ABSTRACT
If the 1970 decision in Goldberg v Kelly marked the heyday of a focus on plaintiffs’ constitutional rights in civil procedure, the years since then have been largely defendant-centric, with decades of due process jurisprudence now developed to protect where and how defendants can be sued. But that defendant-centricity is beginning to change. We focus in this essay on a theory of what we call ‘plaintiffs’ process’, and argue for its more salient consideration in civil procedure doctrine.

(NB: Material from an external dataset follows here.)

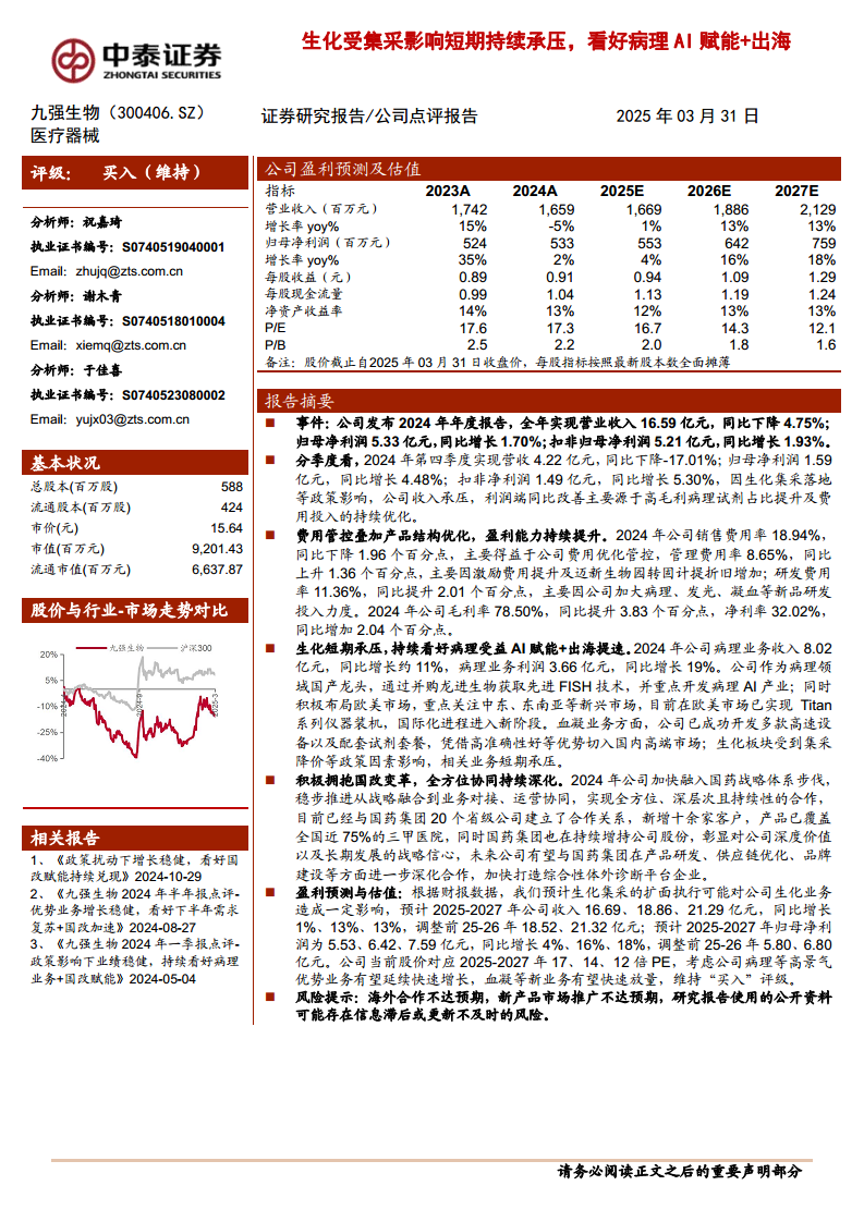 九强生物在2024年面临生化集采带来的短期营收压力,但通过精细化费用管控和高毛利病理业务的强劲增长,实现了归母净利润的稳健提升。公司在病理领域积极布局AI技术和国际市场,展现出明确的增长路径。同时,与国药集团的深度战略协同为公司带来了广阔的市场覆盖和未来发展潜力。尽管短期内生化业务承压,但病理、血凝等优势业务的驱动以及国改的赋能,使得公司具备持续增长的动力。基于对未来盈利能力的积极预期,分析师维持“买入”评级。

The problem is that MDLs lack established doctrines of adequate representation and participation that, in the class-action context, at least attempt to require attorneys to be loyal proxies for plaintiffs’ individual interests. Also absent is the requirement that MDLs be cohesive or attain a level of commonality – a requirement that in class actions forces attorneys to speak for everyone because everyone’s claims are similar enough. Third is the ability to opt out. MDLs have none of these protections.
But the bigger problem is that without MDL, individuals without means or leverage might not be able to access courts at all. Resnik herself has acknowledged greater appreciation of that aspect of MDL as ‘ordinary-course’ suits are harder to bring. Our goal in this essay is thus to fuse two major strands of Resnik’s pathbreaking work: MDL’s epidemic of ultra-creative, settlement-and-case-management-focused judging, combined with the difficulties and inequities attendant to accessing court today. Even as MDL has re-opened courthouse doors that the Court’s aggregation doctrines have closed, its case-management-driven unorthodoxies pose significant risks to their due process rights.
Burch, Elizabeth Chamblee and Gluck, Abbe R, Plaintiffs’ Process: Civil Procedure, MDL, and a Day in Court (September 9, 2023), 42 Review of Litigation 225 (2023).